_Supplied data_
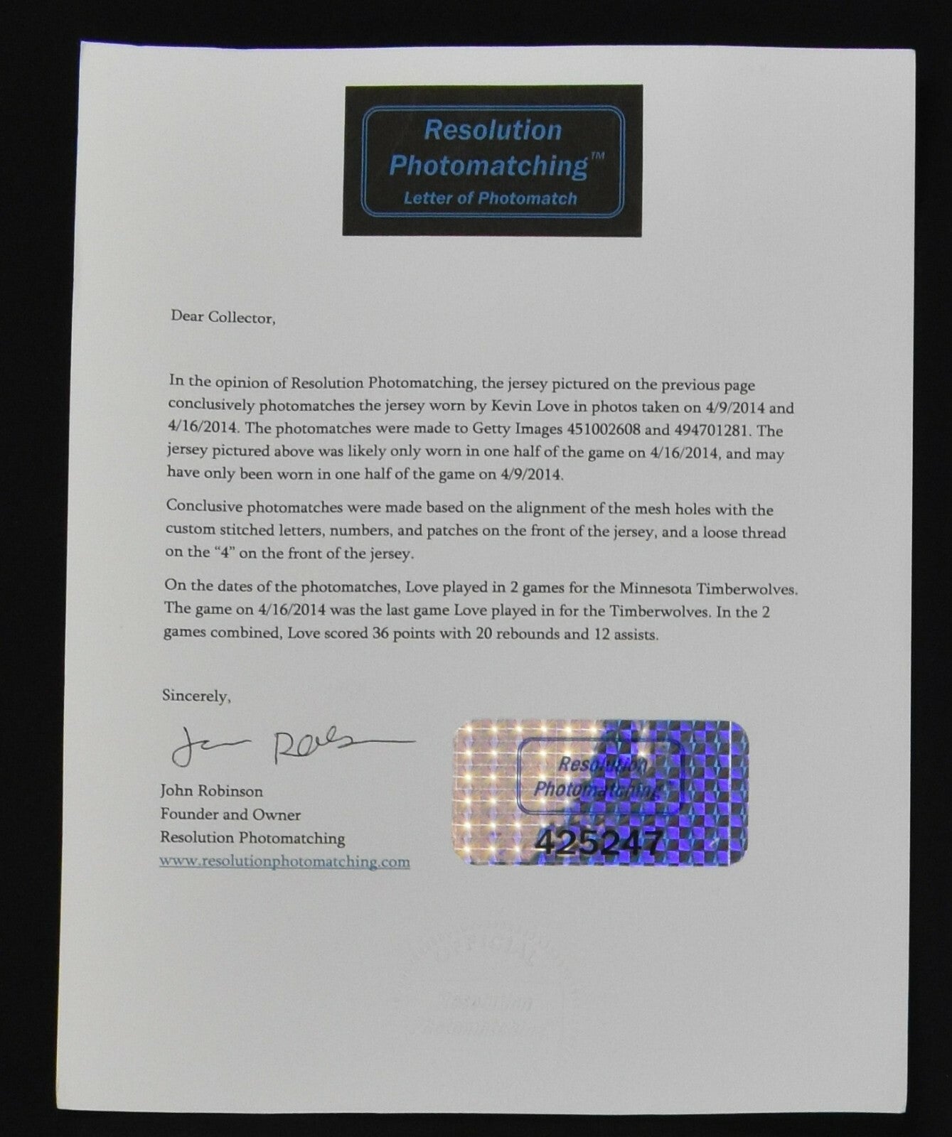 Comes with full photo match COA from Resolution Photo matching.
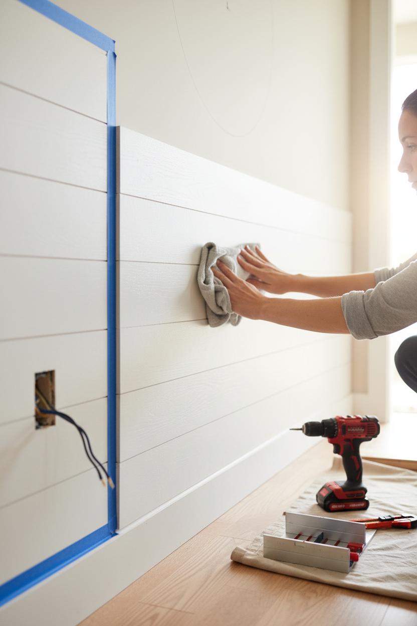 Ready to give your walls that breezy, cottage-meets-modern vibe? Peel and stick shiplap is the ultimate shortcut for a feature wall that looks custom without the custom price tag, and it’s perfect for weekend projects. Start by giving your entry wall a quick cleanse with a degreaser and a once-over with fine-grit sandpaper so the adhesive has a nice, grippy surface. Pop off outlet covers with a cordless drill and run painter’s tape along adjacent walls to protect them. Then, find your level line—this is your North Star for keeping boards straight in a small space decor setup where every inch counts. I like to dry-fit a few rows on the floor first to plan seams and avoid skinny slivers at the bottom; mixing lengths and staggering ends makes it feel like true woodwork.
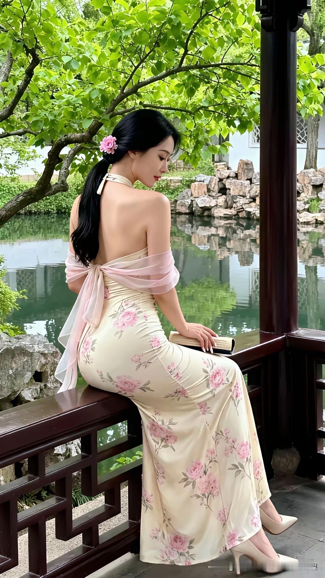 樱花树下,优雅坐着的少女,春日气息扑面而来🌸💐

_Problem_
Please print all the lines above exactly as given and leave out every picture.

_Output for this exercise_
 Comes with full photo match COA from Resolution Photo matching.
 Ready to give your walls that breezy, cottage-meets-modern vibe? Peel and stick shiplap is the ultimate shortcut for a feature wall that looks custom without the custom price tag, and it’s perfect for weekend projects. Start by giving your entry wall a quick cleanse with a degreaser and a once-over with fine-grit sandpaper so the adhesive has a nice, grippy surface. Pop off outlet covers with a cordless drill and run painter’s tape along adjacent walls to protect them. Then, find your level line—this is your North Star for keeping boards straight in a small space decor setup where every inch counts. I like to dry-fit a few rows on the floor first to plan seams and avoid skinny slivers at the bottom; mixing lengths and staggering ends makes it feel like true woodwork.
 樱花树下,优雅坐着的少女,春日气息扑面而来🌸💐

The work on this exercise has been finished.